I have written a number of points below, of which the last two seem the most important. I’d like to rewrite this into a fuller essay at some point, but I’d prefer to post a rough version now and hold the option of editing later.
- It’s hard to tell if someone is a great parent. If you can’t measure something, you can’t reward it. And it’s not feasible to reward (with status) mere participation.
- Relatedly, the variance in outcome is not driven by skill to the extent it is in other types of work.
- Genetics determine about half the variance in many measurable traits people care about.
- Even the best parent will see a lot of variance in their children, in a way an excellent software engineer will not.
- I do think there is such a thing as a 20x parent. But I don’t think there’s such a thing as a 100x parent, whereas I do think there is such a thing as a 100x engineer.

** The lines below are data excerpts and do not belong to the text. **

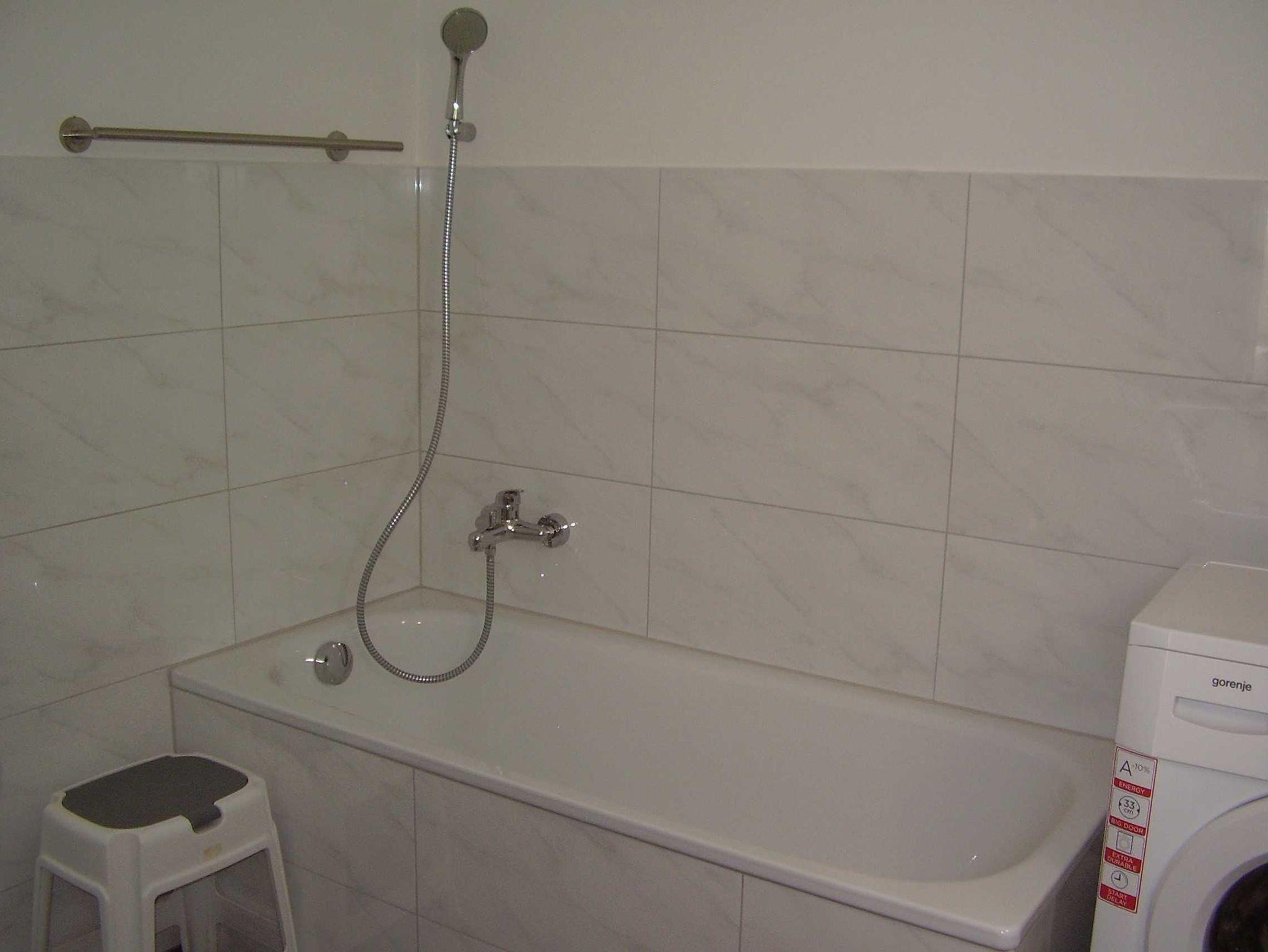Badezimmer mit Badewanne, WC und Waschmaschine.
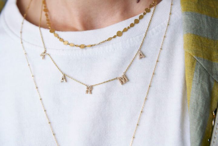 「日本ではネガティブなイメージを持たれやすい『カルマ』ですが、インドでは『未来のための課題』や『役割を果たす』とポジティブに解釈します。それを知ったときに、文字をチャームにしたら❝自分への理解が深まり、素敵でポジティブになる❞と直感し、ダイヤモンドを連ねてデザインしてジャイプールで作りました」(土村さん)。そんなウイットに富んだジュエリーは、ゴールドの長短のネックレスと重ねづけして華やかに。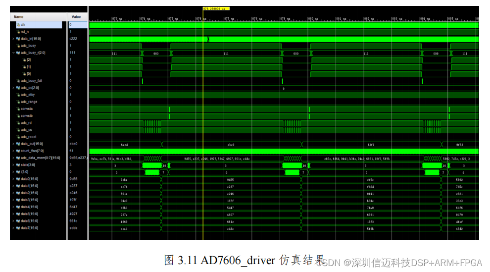 AD7606_driver 模块的仿真结果如下图所示,经过反复修改调试,使其关键

- This is half because the floor is high with parenting (assuming no abuse, but not assuming no neglect).
- …and half because the ceiling is lower. No matter how amazing a parent you are, you will probably be a small part of their psychological lives after their preteen years. There isn’t such a thing as parenting 100 children or working 80 hour weeks as a parent.
- If someone is a great parent, it is not really the case that they can parent a random kid in exchange for money or meritocratic placement in a position of power. Status is a representation of the possession of benefits you can move around: information, introductions, advice, invitations, investment. You cannot move around the benefits being a good parent.
- As an extension, the benefits of being a good parent primarily accrue to one’s own family, and secondarily and indirectly to “society”. It is extremely reasonable not to award status for excellence that mostly benefit one’s own kin. (This is also why housework can’t be high status unless you have a lot of guests.)
Stay at home parents will never be high status for being parents. The value we provide is not fungible, easily correlatable to our efforts, or socially acceptable to negatively evaluate. It’s possible to enforce politeness but not respect.
I think society can (and should) subsidize and accommodate SAHPs, but they cannot make us high status. It requires great confusion about what status is for and how it comes about to consider this a cultural project worth pouring energy into.